Buckwheat also labelled as the world healthiest flour, is a good source of B vitamins, minerals such as manganese, magnesium, zinc, iron and folate. As buckwheat is a seed not a flour, it makes for a healthier gluten free alternative to the highly processed typical gluten free flours.
An Authentic Greek Paximadi ( Mediterannean Diet Friendly ) a staple in Greek homes. If you have a love afair for paximadia then this authentic recipe, egg-free, refined flour free, unsweetened and flavoured with the wholesome deep flavour of spelt, Buckwheat and almonds. An exceptional guilt-free snack, have with coffee or tea or with cheese, olives and tomato. They also make a great fasting biscuit.
- 3 oranges to make 1 cup freshly squeezed orange juice
- 1/2 cup pure olive oil
- 1 teaspoon ground cloves
- 1/4 cup almonds
- 2 cups wholemeal spelt flour
- 2 cups buckwheat flour
- 1 tablespoon baking powder
- Squeeze the oranges to make 1 cup of juice.
- Roughly chop the almonds.
- Sift the flours together with the baking powder.
- In a deep bowl, add the olive oil, juice, cloves and mix together.
- Gradually add the sifted flours. Remove from the bowl and knead until smooth.
- Your dough will be slightly sticky, this is due to the buckwheat. Read the notes for tips on how to handle when kneading.
- Transfer onto greaseproof paper baking tray.
- Due to the kind of flours used, pre-cutting is not done at this stage.
- Bake for 20 minutes ( depends on thickness of your logs ) at 180 degree Celsius.
- Allow to cool completely.
- Cut diagonally carefully, when cool. If they are still warm, they may crumble a little.
- Bake again at 140 degree Celsius for 20 minutes or until cooked through.
I have attempted to use bottled orange juice, and perhaps the acid in the juice isn't active but the end result is not the same.
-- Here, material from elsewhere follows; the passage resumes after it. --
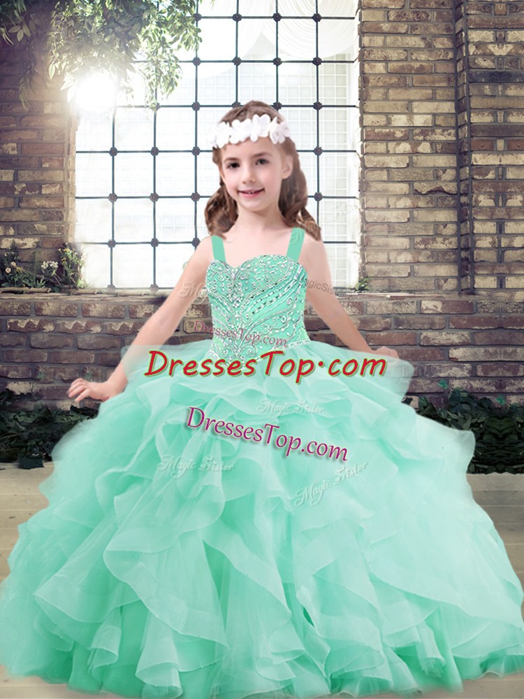 New Style Floor Length Ball Gowns Sleeveless Apple Green Little Girl Pageant Gowns Lace Up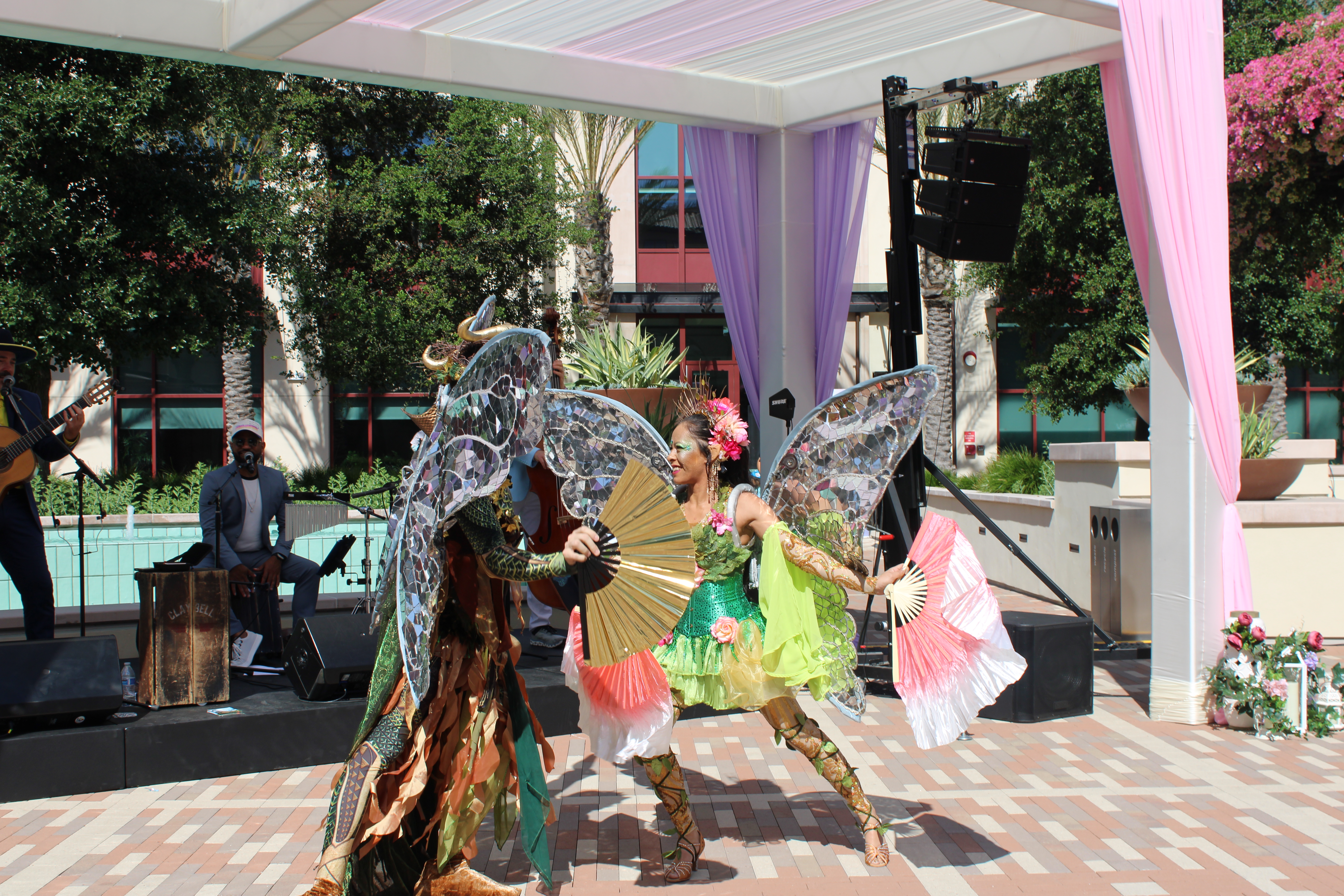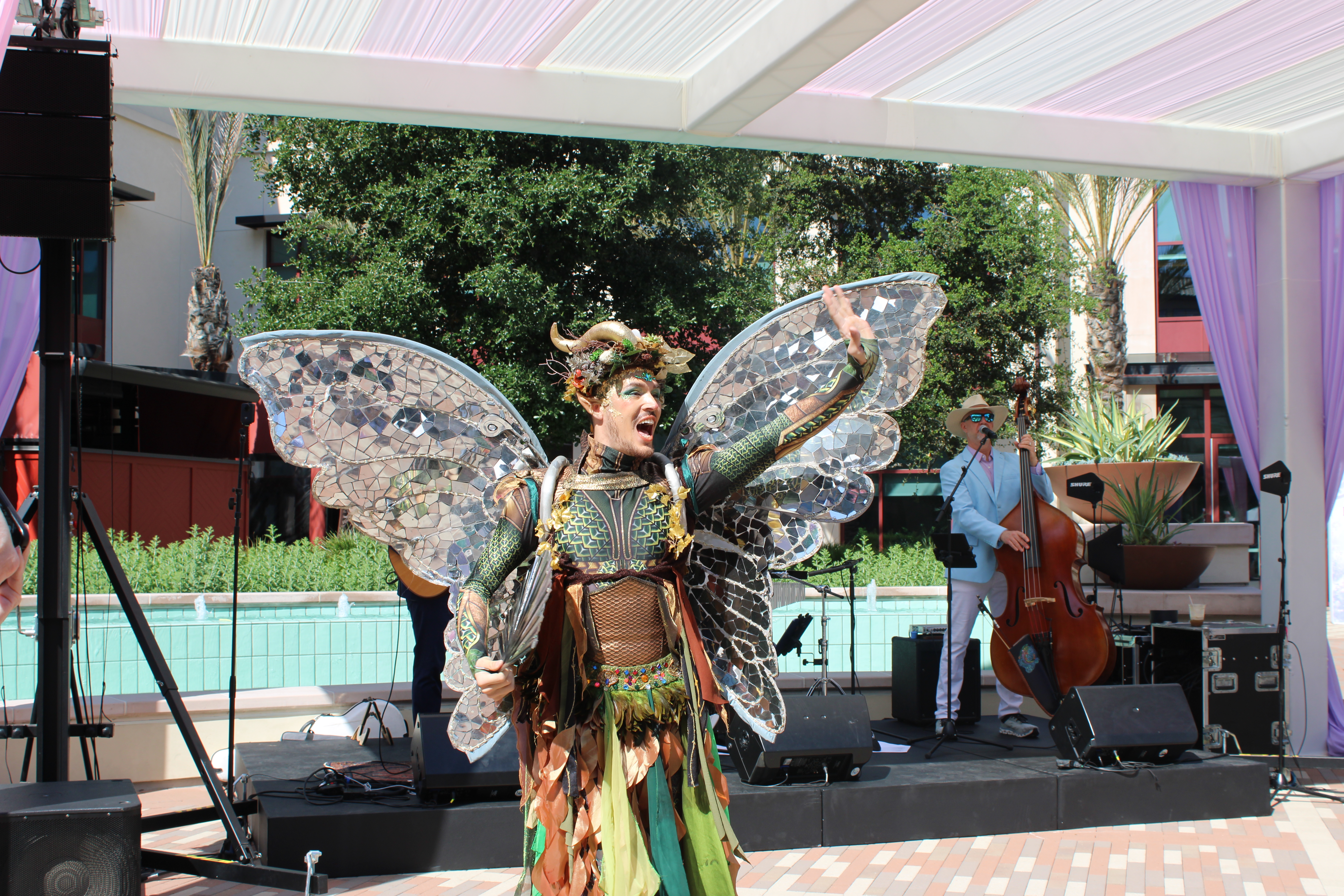Performers dressed as elves came out around 11:30, decked out in holographic wings, glittery makeup, and intricate fans. They danced to the live music, interacted and posed for photos with attendees throughout the event, which lasted until 3 p.m.

Freshly squeezed orange juice from oranges yield the best results.
Paximadia can be flavoured in many different ways. Instead of cloves you could use, anise seeds, cinnamon, mastiha, vanilla essence or ouzo.
To make these paximadia gluten free, substitute the spelt with Buckwheat. Buckwheat on its own is trickier to work with. The dough will be sticky, so when rolling into a log cover the dough with non-stick baking paper and roll. Also, dust the working surface, and your hands with flour as your rolling into shape. When your nearly done, roll with the baking paper underneath and transfer the dough and baking paper onto baking dish.
Allow the log to cool completely before cutting into diagonal pieces.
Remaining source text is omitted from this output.